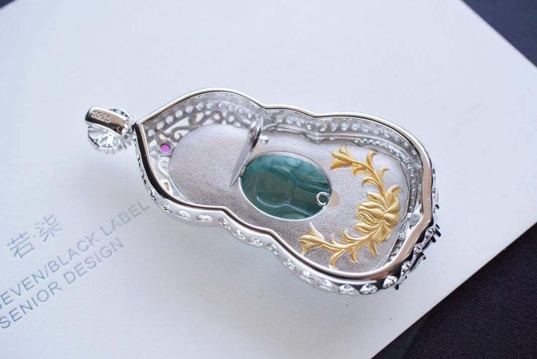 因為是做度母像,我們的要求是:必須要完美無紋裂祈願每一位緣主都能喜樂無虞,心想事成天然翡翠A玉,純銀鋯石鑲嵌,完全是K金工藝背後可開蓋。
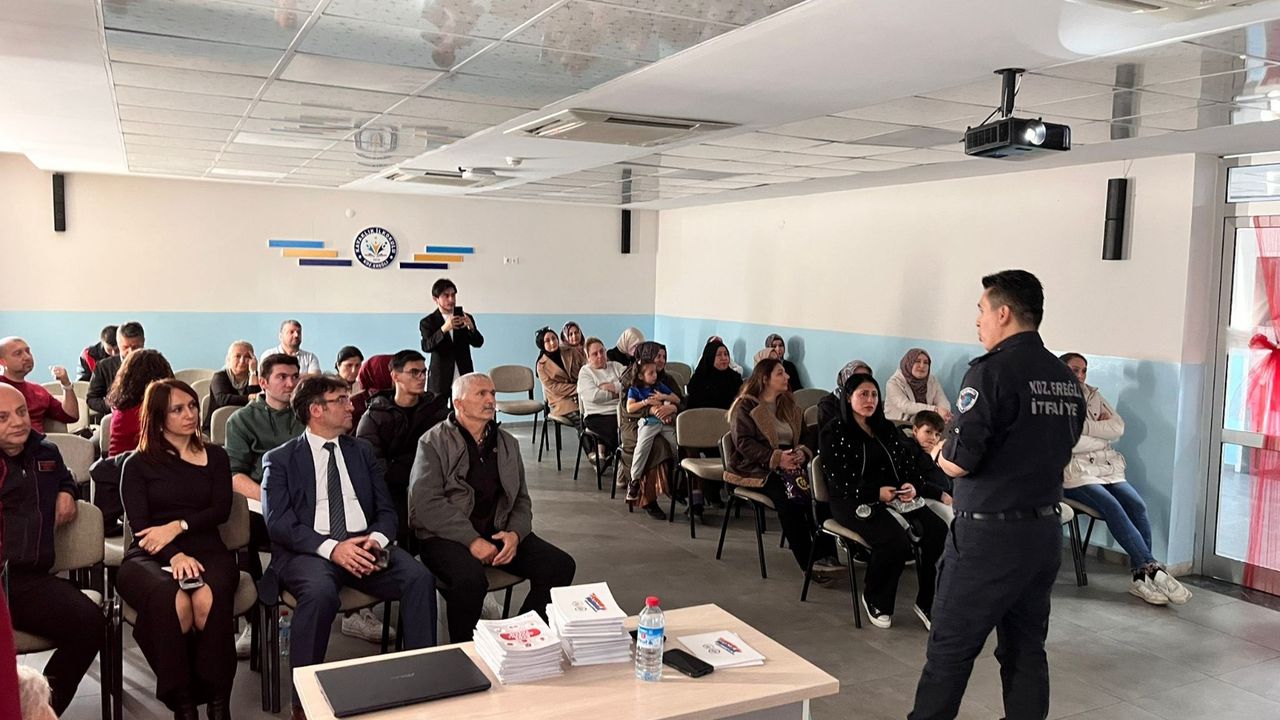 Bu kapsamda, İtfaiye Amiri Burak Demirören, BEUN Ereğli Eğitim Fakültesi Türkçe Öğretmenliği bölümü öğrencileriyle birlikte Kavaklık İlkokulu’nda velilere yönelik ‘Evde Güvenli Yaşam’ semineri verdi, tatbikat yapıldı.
==
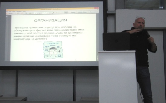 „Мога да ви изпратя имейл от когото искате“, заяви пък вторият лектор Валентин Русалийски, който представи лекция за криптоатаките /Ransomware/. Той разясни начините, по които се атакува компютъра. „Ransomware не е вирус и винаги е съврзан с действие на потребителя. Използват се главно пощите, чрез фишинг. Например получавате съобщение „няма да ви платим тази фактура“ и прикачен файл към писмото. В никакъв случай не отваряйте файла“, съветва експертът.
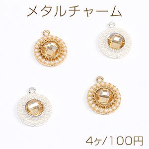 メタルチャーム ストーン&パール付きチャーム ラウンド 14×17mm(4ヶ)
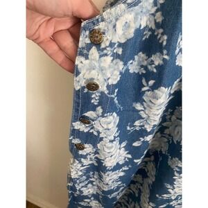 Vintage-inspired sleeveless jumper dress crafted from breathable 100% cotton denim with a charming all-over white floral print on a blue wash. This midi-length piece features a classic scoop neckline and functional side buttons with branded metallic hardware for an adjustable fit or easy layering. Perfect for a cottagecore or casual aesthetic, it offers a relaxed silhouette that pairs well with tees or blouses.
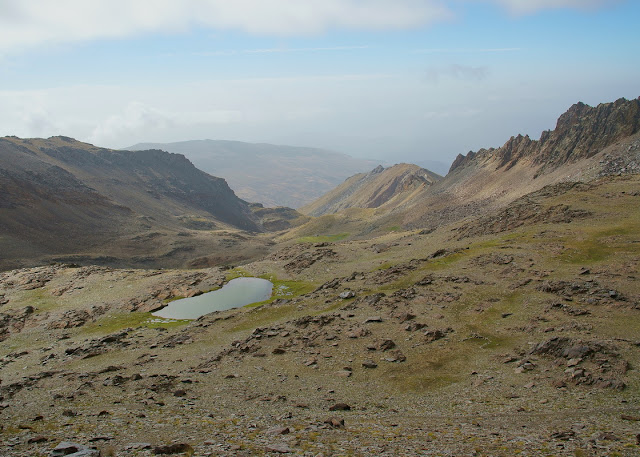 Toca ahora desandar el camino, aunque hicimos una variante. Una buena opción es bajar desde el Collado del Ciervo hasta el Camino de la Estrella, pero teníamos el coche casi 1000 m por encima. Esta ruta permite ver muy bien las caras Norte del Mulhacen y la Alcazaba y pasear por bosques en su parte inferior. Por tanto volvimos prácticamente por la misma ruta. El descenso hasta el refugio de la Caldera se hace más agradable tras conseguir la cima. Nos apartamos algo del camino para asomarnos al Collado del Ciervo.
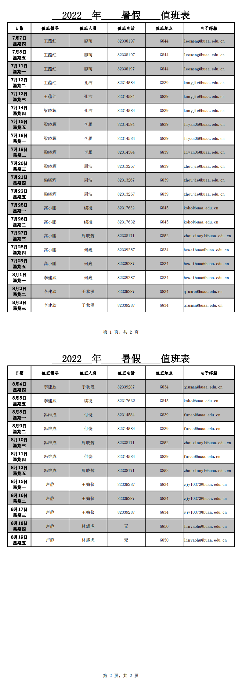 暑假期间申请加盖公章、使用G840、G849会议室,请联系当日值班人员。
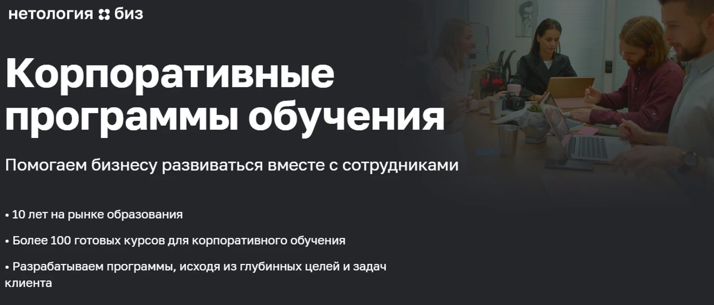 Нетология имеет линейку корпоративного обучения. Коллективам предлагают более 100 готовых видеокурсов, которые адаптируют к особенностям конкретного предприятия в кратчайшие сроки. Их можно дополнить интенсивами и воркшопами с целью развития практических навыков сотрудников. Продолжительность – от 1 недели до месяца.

* YOUR INSTRUCTIONS
Going back to the data above, write out everything from the line with "因為是做度母像,我們的要求是" down to the line with "Bu kapsamda, İtfaiye", both included, leaving every picture out.

* PROBLEM SOLUTION
 因為是做度母像,我們的要求是:必須要完美無紋裂祈願每一位緣主都能喜樂無虞,心想事成天然翡翠A玉,純銀鋯石鑲嵌,完全是K金工藝背後可開蓋。
 Bu kapsamda, İtfaiye Amiri Burak Demirören, BEUN Ereğli Eğitim Fakültesi Türkçe Öğretmenliği bölümü öğrencileriyle birlikte Kavaklık İlkokulu’nda velilere yönelik ‘Evde Güvenli Yaşam’ semineri verdi, tatbikat yapıldı.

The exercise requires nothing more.